Segment Start: Recorded data

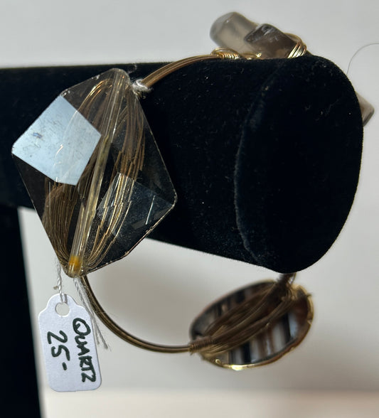 Handmade Wire-Wrapped Quartz & Agate Bangle Bracelet – Natural Crystal Statement Jewelry
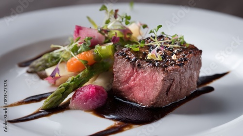 Juicy medium rare steak served with asparagus baby carrots radish and microgreens on a white plate
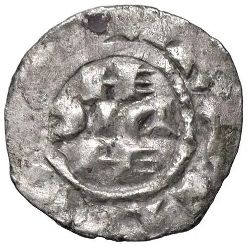 | Beschrijving voorzijde | Emperor name in shape of cross in center using ligatured HE, within beaded border, legend around. |
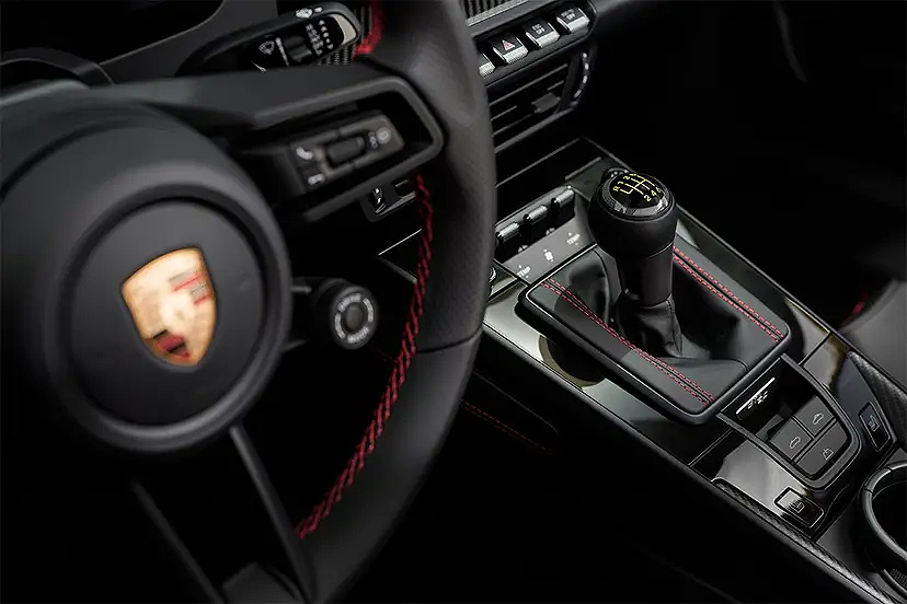 And like the 911 S/T, the 911 GT3 S/C's steering wheel is also upholstered in perforated leather, which comes with a rotary ignition switch on the left that starts the car (just like the current fixed-head 911 GT3).
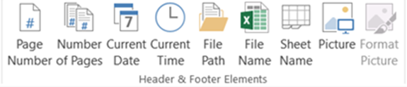 2 pav. Antraštės ir poraštės elementai (Header & Footer Elements) komandų grupė
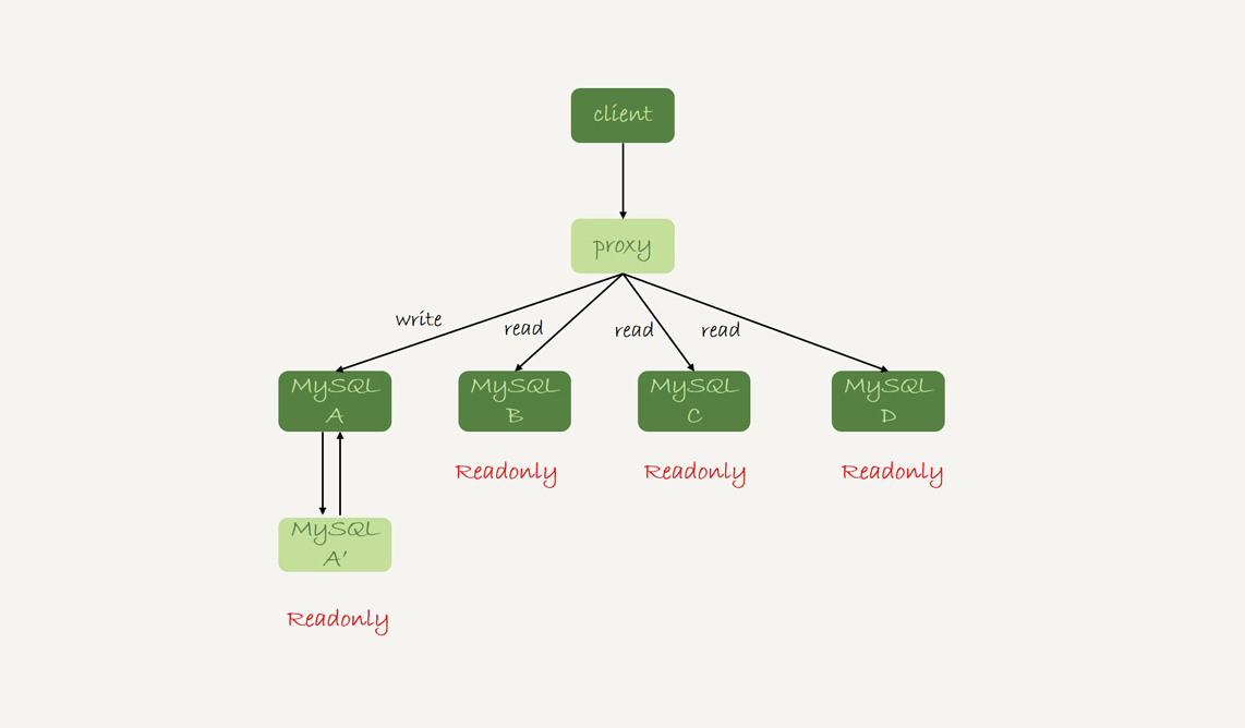 还有一种架构是,在 MySQL 和客户端之间有一个中间代理层 proxy,客户端只连接 proxy, 由 proxy 根据请求类型和上下文决定请求的分发路由。
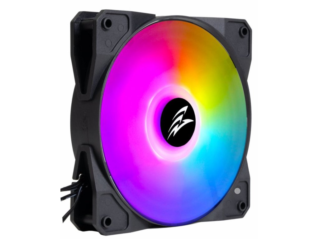 ARGB LED ventilátor typu rainbow s LED diodami. Ventilátor umožňuje najednou zobrazit všech sedm barev duhového spektra.Jedná se o kontrolní ventilátor, který je určen pro použití s ventilátorem EVOLVEO 12FS. LED osvětlení je ovládáno pomocí tlačítka reset nebo LED tlačítka na ovládacím panelu skříně nebo připojením přiloženého ARGB kabelu k základní desce.
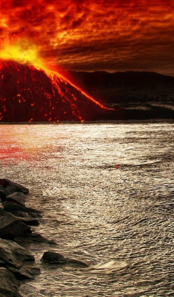 Wallpaper Volcano erupts in water
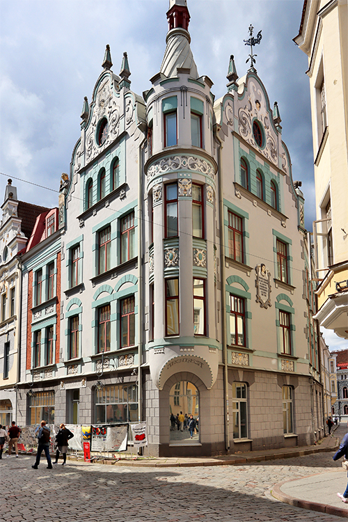 Das Reichmann-Haus. Das dreistöckige Jugendstilgebäude wurde 1908–1909 erbaut. Architekt war Jacques Rosenbaum, Ingenieur war Ernst Boustedt. Das Gebäude gehörte Reinhold Reichmann und später der Familie Schein. Die Fassade des Gebäudes ist mit üppigen Giebeln im Neorenaissance-Stil verziert, die von niederländischen und norddeutschen Vorbildern inspiriert sind. An der Ecke Pikk tänav und Voorimehe tänav befindet sich ein schlanker, runder Turm, der über das Gebäude hinausragt.
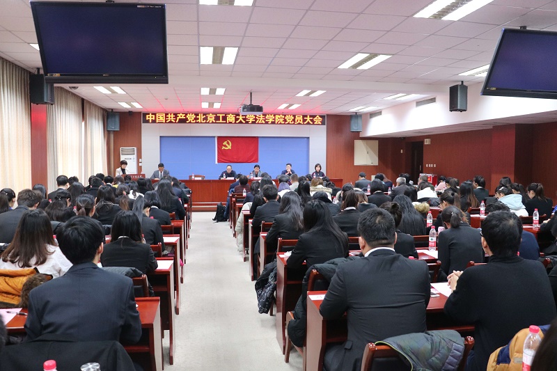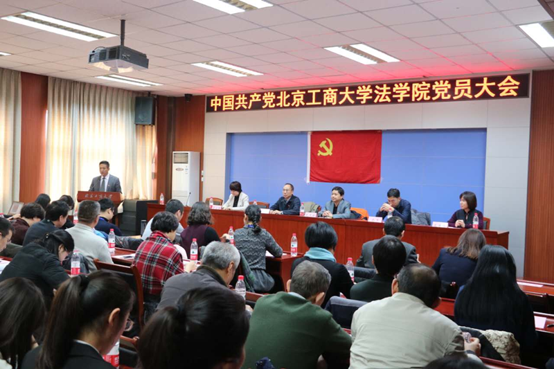 大會在莊嚴的國歌聲中拉開帷幕。校黨委組織部副部長孔凡航宣讀了學校黨委《關(guān)于同意中共北京工商大學法學院召開黨員大會的批復》。

Segment End: Recorded data

▸ **What is needed**: Exact lines only, please. Repeat everything from the top of the records through the line containing "And like the", both ends in and pictures out.

▸ **Exercise response**:
 Handmade Wire-Wrapped Quartz & Agate Bangle Bracelet – Natural Crystal Statement Jewelry
 Juicy medium rare steak served with asparagus baby carrots radish and microgreens on a white plate
 | Beschrijving voorzijde | Emperor name in shape of cross in center using ligatured HE, within beaded border, legend around. |
 And like the 911 S/T, the 911 GT3 S/C's steering wheel is also upholstered in perforated leather, which comes with a rotary ignition switch on the left that starts the car (just like the current fixed-head 911 GT3).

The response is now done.